ギガベイは、増強型のスターシップ/スーパーヘビーの組み立てや改修に対応し、メガベイと比べて作業スペースやクレーンの能力が大幅に増強されているといいます。2018年には海岸の空き地だったスターベースは、次々と施設が建設され、スターシップ開発から打上げ、整備、また打上げというサイクルを加速させようとしています。
スターシップの高頻度打上げには、スターベースだけでなくフロリダの拠点も加わろうとしています。Falcon 9とFalcon Heavyの打上げは現在フロリダ州のケープカナベラル空軍基地またはカリフォルニア州のヴァンデンバーグ空軍基地から行なわれていますが、SpaceXはフロリダ州にもスターシップ事業を拡大し、ケネディ宇宙センターの一角にもギガベイ開発施設の建設を始めました。
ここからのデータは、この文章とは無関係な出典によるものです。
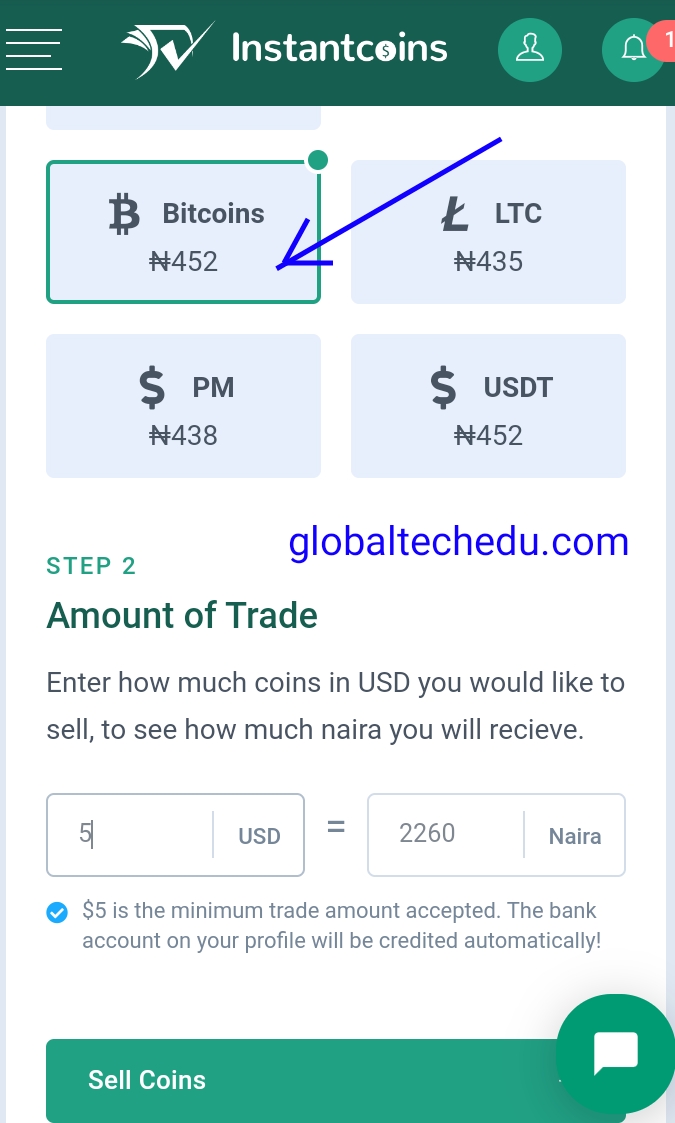 Then click on the “Sell Coins” button to complete the transaction. See screenshot below:

2025年中にはケネディ宇宙センターの発射施設 39A(LC-39A)にスターシップ発射台が完成する計画となっています。こちらも環境影響評価が必要ですが、これが終了すれば2025年後半にはフロリダからスターシップの打上げが見られるようになるでしょう。
スターベースは「市」に発展か
SpaceXの目指すスターシップの事業と、拠点であるスターベースの発展は強く結びついています。2024年12月、スターベース周辺のSpaceX所有地に住んでいる従業員からキャメロン郡に対し、この場所を「市(一般自治体)」に編入するための住民投票の請求が起こされました。
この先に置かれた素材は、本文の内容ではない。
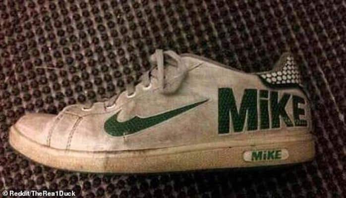 Bu, "Nike" krossovkaları olmalı idi, amma sanki nəsə səhv gedib və "N" hərfinin yerinə "M" hərfi düşüb. Bu şəkli "TheRea1Duck" adlı istifadəçi paylaşıb.

といっても編入先の自治体がすでにあるわけではなく、新たな市を創設しようというものです。この場所には、すでに500人弱のSpaceXの従業員が住んでおり、キャメロン郡との合意のもとで道路の管理や学校、医療施設などの公共の機能をSpaceXが提供しているといいます。
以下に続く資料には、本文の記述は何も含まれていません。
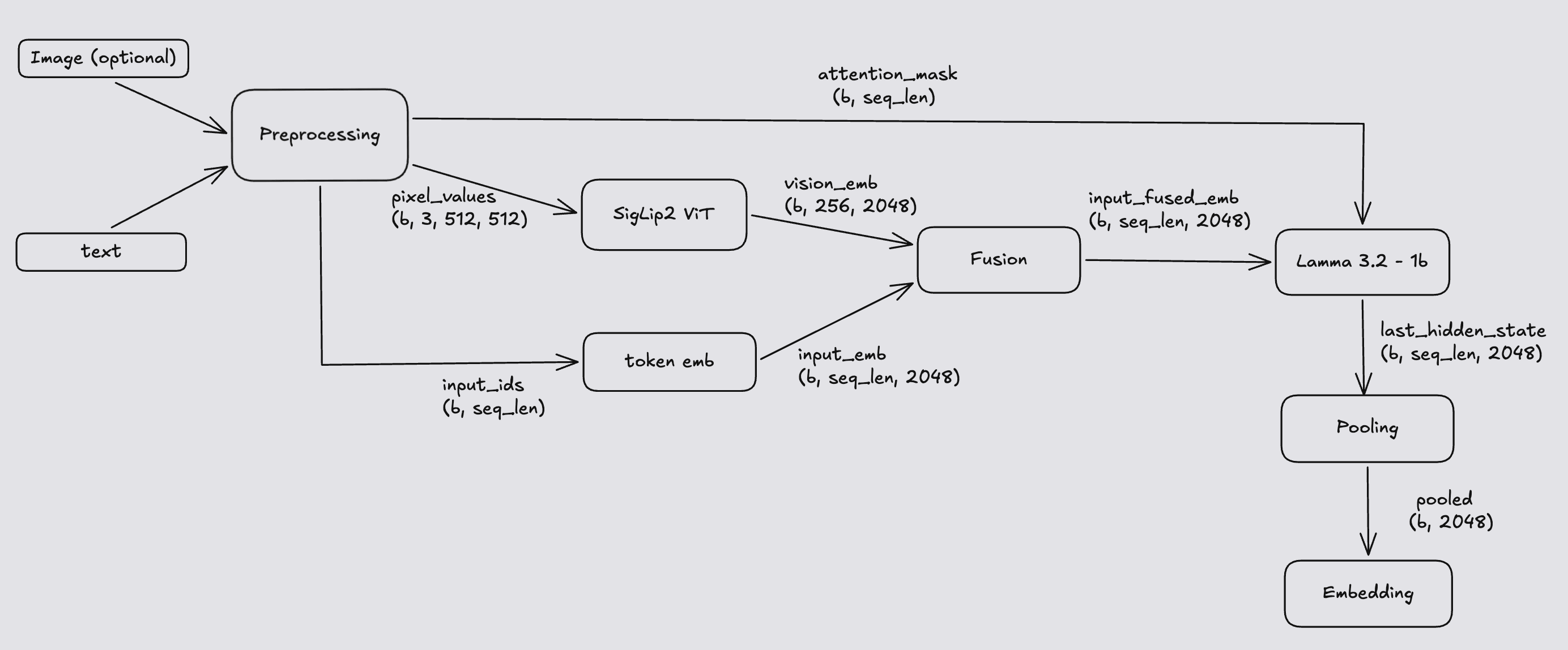 The pipeline has five stages: vision encoding, text embedding, fusion, the Llama transformer, and pooling. Here's how they connect:

コミュニティを正式な自治体化することで、こうした機能が法に沿って管理できるようになる、というのが申請の理由です。住民投票の申請は2月に許可され、5月3日に予定されている投票で過半数が賛成すれば「スターベース・シティ」が誕生する可能性があります。
イーロン・マスクCEOはSpaceXの本社を現在のカリフォルニア州からテキサス州へ移すと表明しており、新市は名実共にSpaceXの企業城下町となるわけです。テキサス州では、1959年に砂糖生産企業のインペリアル・シュガー・カンパニーがサトウキビ農園と製糖工場周辺の土地を自治体化したシュガーランドという街があります。シュガーランドはヒューストンの近郊都市として発展し、大企業の誘致などによって人口も増え続けています。
SpaceXがスターベースを拡張し、市の建設でテキサス州に根を下ろし、同地を宇宙事業と共に発展する場所にしようと本気であることは確かでしょう。一方で、SpaceX従業員で構成され市長もSpaceXの代表である市ができることで、環境保護の取り組みが適切に行なわれるのか、という疑問もまだ存在するのです。